Venezuelan Immigrants Survive on the Streets in Brazil



Many Venezuelans thought they were leaving a collapsing economy for a land of milk and honey just next door.

But most of those fleeing the turmoil in Venezuela by walking into Brazil at an Amazon border crossing have found themselves surviving on the streets and sleeping in tents, hammocks or on pieces of cardboard.

Their drama is part of a deepening regional humanitarian crisis set off by the exodus of tens of thousands of Venezuelans who are voting with their feet and abandoning their country, mainly into neighboring Colombia, and also Ecuador and Peru.

The city of Boa Vista, capital of the Brazilian border state of Roraima, has received 35,000 Venezuelan immigrants in the past two years, swelling its population by more than 10 percent.

Today, some 3,000 are homeless, according to the mayor’s office.

Near the city bus terminal, Venezuelans sleep on grassy highway medians and in shopping areas. Some are lucky enough to spend the night in tents handed out by refugee agencies.

Others hang hammocks outside car body shops and auto-parts distributors whose Brazilian owners allow them to spend the night under a covered area, as long as they are gone in the morning.
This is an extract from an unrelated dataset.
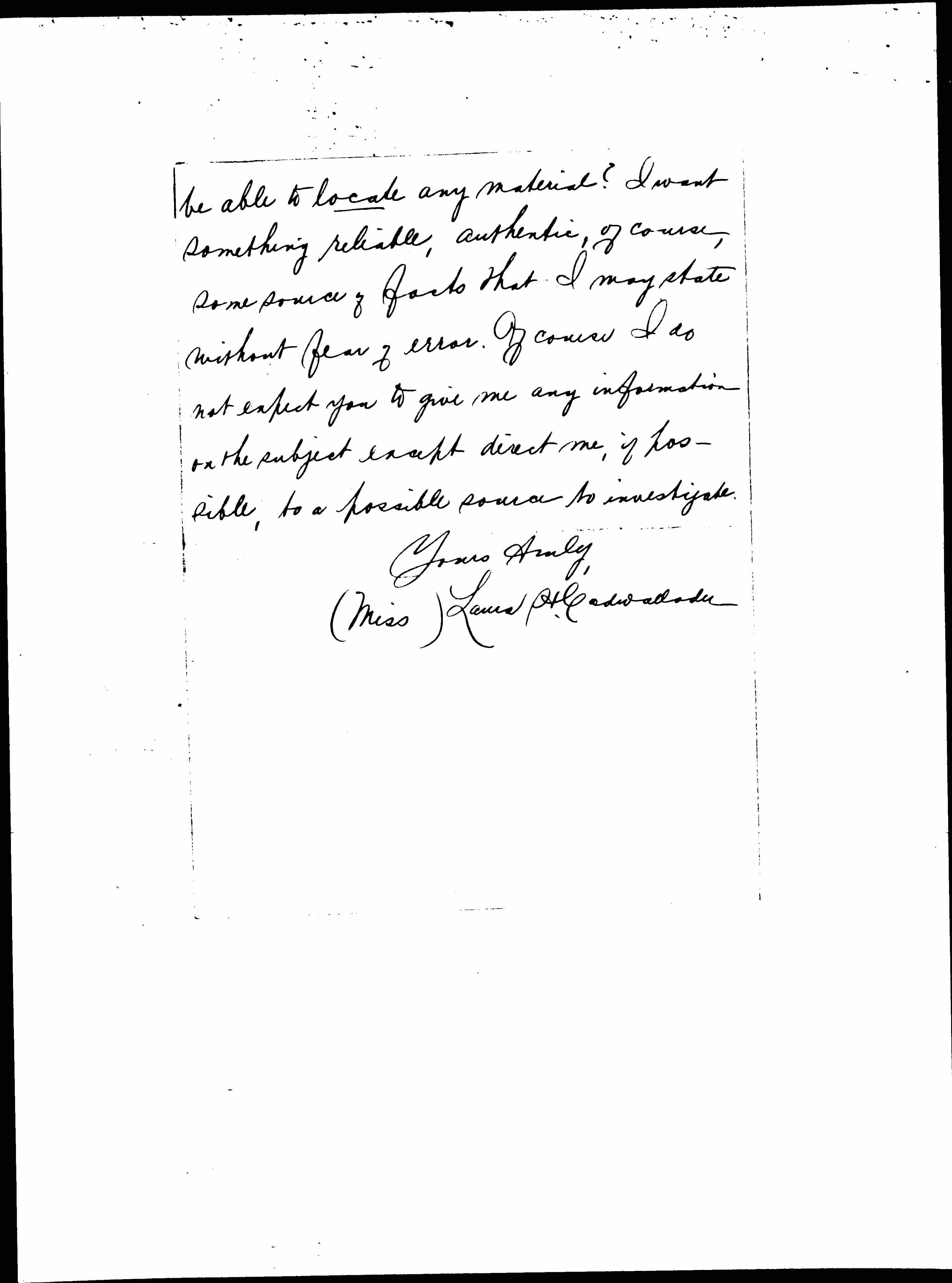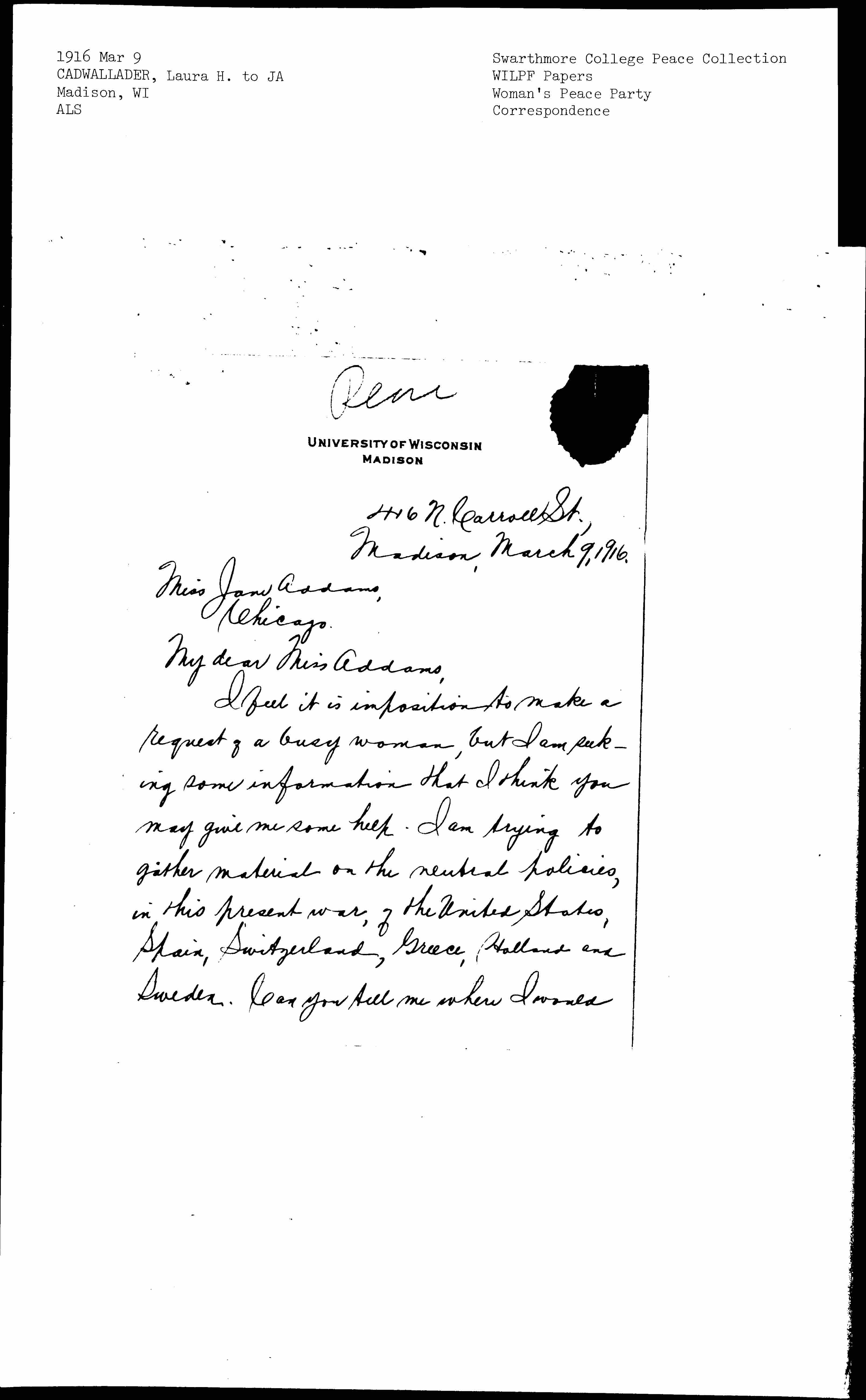 I feel it is imposition to make a request of a busy woman, but I am seeking some information that I think you may give me some help. I am trying to gather material on the neutral policies, in this present war, of the United States, Spain, Switzerland, Greece, Holland and Sweden. Can you tell me where I would [page 2] be able to locate any material? I want something reliable, authentic, of course, some source of facts that I may state without fear of error. Of course I do not expect you to give me any information on the subject except direct me, if possible, to a possible source to investigate.

This generosity by local shop owners contrasts with an outbreak of xenophobic attacks on Aug. 18 against Venezuelan immigrants at the border town of Pacaraima, ignited after a Brazilian was allegedly robbed and stabbed by Venezuelans in his home.

“Some Brazilians treat us badly, but not all of them,” said Anyi Gomez, a pregnant 19-year-old who came to Brazil with her mother and survives by using a squeegee to clean car windshields for change at traffic lights.

The prenatal care she is getting at a public hospital in Brazil made it worth leaving Venezuela where her baby could have died for lack of food and medicine, she said.

On Tuesday, Brazilian President Michel Temer said the Armed Forces were being sent to Roraima for at least two weeks to help keep order and ensure the safety of immigrants. Temer blamed Venezuela’s authoritarian government for causing a regional crisis that requires a collective response.

Local churches provide meals or hand out bread and juice to the homeless Venezuelans.

“We have food, but no roof. And there is no work,” said Luis Daniel, from Caracas. “I came to get a job to take back things for my children who are going hungry in Venezuela. But all I have now is exhaustion from sleeping outdoors.”